1.First we create the data to feed in and the corresponding placeholder:
my_array = np.array([[1., 3., 5., 7., 9.],
[-2., 0., 2., 4., 6.],
[-6., -3., 0., 3., 6.]])
x_vals = np.array([my_array, my_array + 1])
x_data = tf.placeholder(tf.float32, shape=(3, 5))

2.Next we create the constants that we will use for matrix multiplication and addition:
m1 = tf.constant([[1.],[0.],[-1.],[2.],[4.]])
m2 = tf.constant([[2.]])
a1 = tf.constant([[10.]])
3.Now we declare the operations and add them to the graph:
prod1 = tf.matmul(x_data, m1)
prod2 = tf.matmul(prod1, m2)
add1 = tf.add(prod2, a1)

4.Finally, we feed the data through our graph:
for x_val in x_vals:
print(sess.run(add1, feed_dict={x_data: x_val}))
[[ 102.]
[ 66.]
[ 58.]]
[[ 114.]
[ 78.]
[ 70.]]

How it works…
The computational graph we just created can be visualized with Tensorboard.

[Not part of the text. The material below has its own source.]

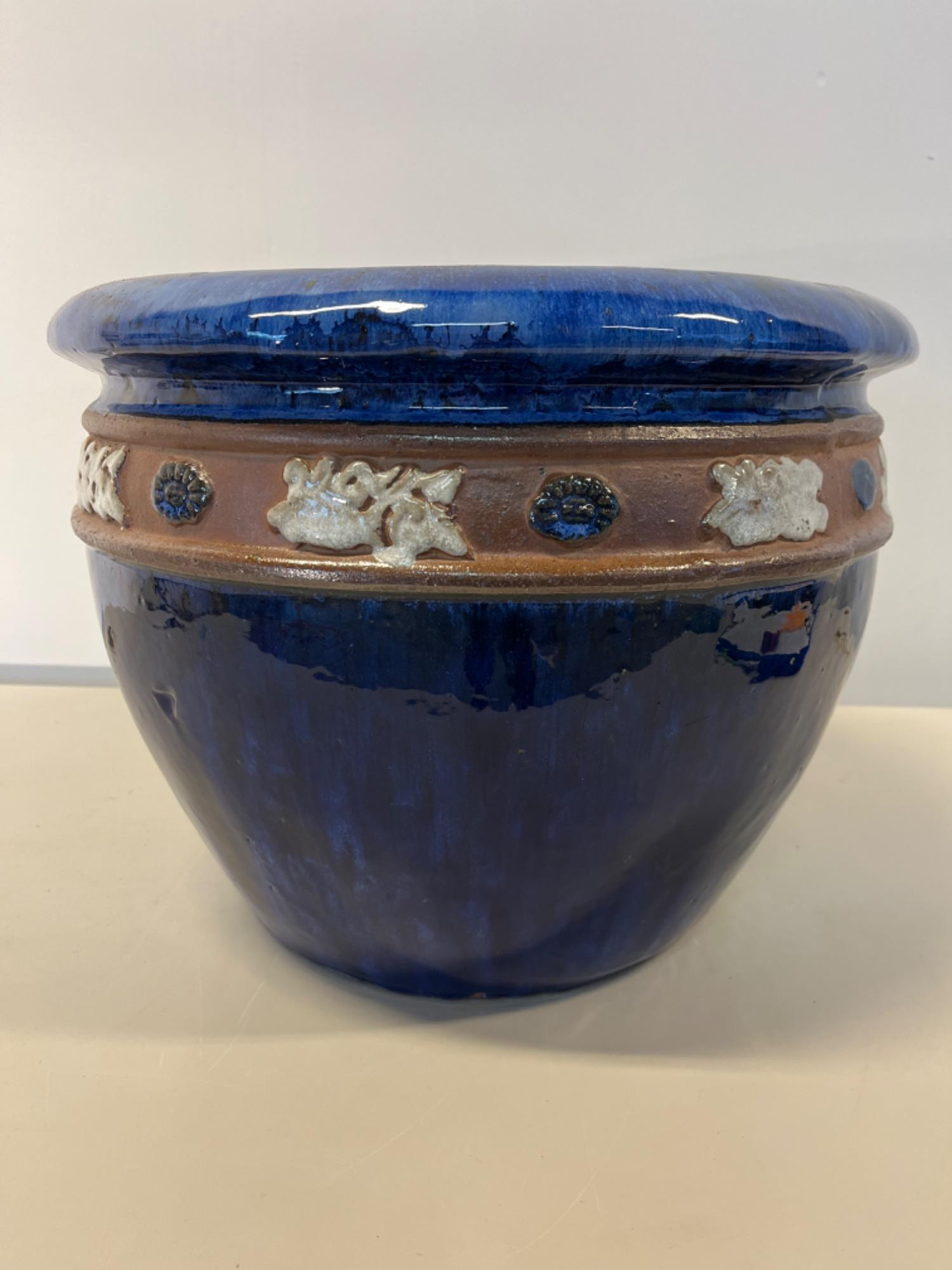 Blue & White Glazed 14” Red Clay Planter Height: 13” Top Inside Dia: 14” Bottom Dia: 11”

Tensorboard is a feature of TensorFlow that allows us to visualize the computational graphs and values in that graph. These features are provided natively, unlike other machine learning frameworks. To see how this is done, see the Visualizing graphs in Tensorboard recipe in Chapter 11, More with TensorFlow. Here is what our layered graph looks like:

Figure 2: In this computational graph you can see the data size as it propagates upward through the graph.

There's more…
We have to declare the data shape and know the outcome shape of the operations before we run data through the graph. This is not always the case. There may be a dimension or two that we do not know beforehand or that can vary. To accomplish this, we designate the dimension that can vary or is unknown as value none. For example, to have the prior data placeholder have an unknown amount of columns, we would write the following line:
x_data = tf.placeholder(tf.float32, shape=(3,None))

This allows us to break matrix multiplication rules and we must still obey the fact that the multiplying constant must have the same corresponding number of rows. We can either generate this dynamically or reshape the x_data as we feed data in our graph. This will come in handy in later chapters when we are feeding data in multiple batches.